(GIVEN DATA)
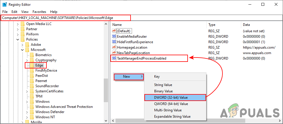 Creating the missing key - Now select the Edge key, right-click on the right pane and choose the New > DWORD (32-bit) Value option. Name the value as “TaskManagerEndProcessEnabled“.
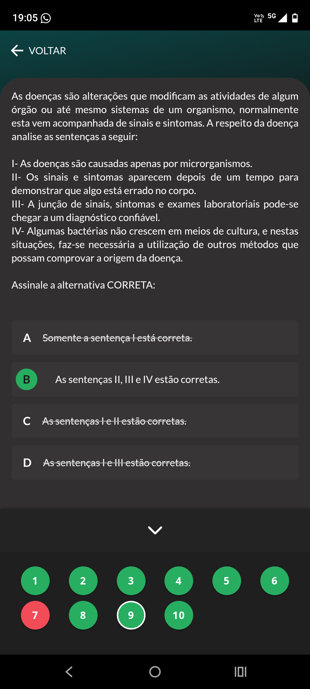 19:05 5G LTE VOLTAR As doenças são alterações que modificam as atividades de algum órgão ou até mesmo sistemas de um organismo, normalmente esta vem acompanhada de sinais e sintomas. respeito da doença analise as sentenças a seguir: I- As doenças são causadas apenas por microrganismos. II- Os sinais e sintomas aparecem depois de um tempo para demonstrar que algo está errado no corpo. III- A junção de sinais, sintomas e exames laboratoriais pode-se chegar a um diagnóstico confiável. IV- Algumas bactérias não crescem em meios de cultura, e nestas situações, faz-se necessária a utilização de outros métodos que possam comprovar a origem da doença. Assinale a alternativa CORRETA: A Somente a sentença está correta. As sentenças II, III e IV estão corretas. c As sentenças le H estão corretas. D As sentenças le estão corretas. 1 2 3 4 5 6 7 8 9 10
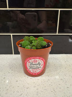 Monanthes polyphylla is a small, low growing succulent native to the Canary Islands. It's known for forming dense clumps of tiny rosettes.  They have small green, cylindrical leaves that often develop reddish hues in good light.  They can also bloom star-shaped flowers in yellow, orange, or purple.
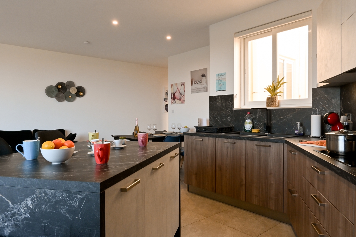 The apartment features two spacious bedrooms and two contemporary bathrooms, finished to a high standard with a sleek, modern feel. The bright open-plan living area is filled with natural light and opens onto a large private balcony offering beautiful sea views. Here, you can enjoy outdoor dining at the table and chairs, fire up the barbecue, or simply relax while soaking in the peaceful surroundings.
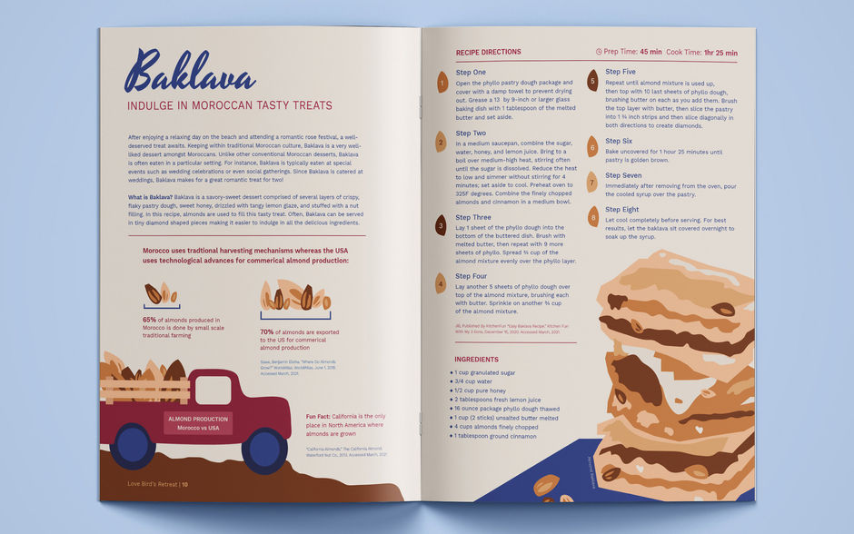 Love Bird’s Retreat is an international cultural booklet that aims to grab the attention of newlywed lovers looking for a romantic honeymoon destination. This booklet details the romantic adventures for two in a Moroccan landmark, event and dessert. Unlike other typical honeymoon destinations, this booklet showcases the not-so-visited places in Morocco that make for a unique honeymoon experience.

(PROBLEM STATEMENT) Your reply should consist of the data, transcribed exactly, and should hold no pictures.

(SOLUTION FOR THIS EXERCISE)
 Creating the missing key - Now select the Edge key, right-click on the right pane and choose the New > DWORD (32-bit) Value option. Name the value as “TaskManagerEndProcessEnabled“.
 19:05 5G LTE VOLTAR As doenças são alterações que modificam as atividades de algum órgão ou até mesmo sistemas de um organismo, normalmente esta vem acompanhada de sinais e sintomas. respeito da doença analise as sentenças a seguir: I- As doenças são causadas apenas por microrganismos. II- Os sinais e sintomas aparecem depois de um tempo para demonstrar que algo está errado no corpo. III- A junção de sinais, sintomas e exames laboratoriais pode-se chegar a um diagnóstico confiável. IV- Algumas bactérias não crescem em meios de cultura, e nestas situações, faz-se necessária a utilização de outros métodos que possam comprovar a origem da doença. Assinale a alternativa CORRETA: A Somente a sentença está correta. As sentenças II, III e IV estão corretas. c As sentenças le H estão corretas. D As sentenças le estão corretas. 1 2 3 4 5 6 7 8 9 10
 Monanthes polyphylla is a small, low growing succulent native to the Canary Islands. It's known for forming dense clumps of tiny rosettes.  They have small green, cylindrical leaves that often develop reddish hues in good light.  They can also bloom star-shaped flowers in yellow, orange, or purple.
 The apartment features two spacious bedrooms and two contemporary bathrooms, finished to a high standard with a sleek, modern feel. The bright open-plan living area is filled with natural light and opens onto a large private balcony offering beautiful sea views. Here, you can enjoy outdoor dining at the table and chairs, fire up the barbecue, or simply relax while soaking in the peaceful surroundings.
 Love Bird’s Retreat is an international cultural booklet that aims to grab the attention of newlywed lovers looking for a romantic honeymoon destination. This booklet details the romantic adventures for two in a Moroccan landmark, event and dessert. Unlike other typical honeymoon destinations, this booklet showcases the not-so-visited places in Morocco that make for a unique honeymoon experience.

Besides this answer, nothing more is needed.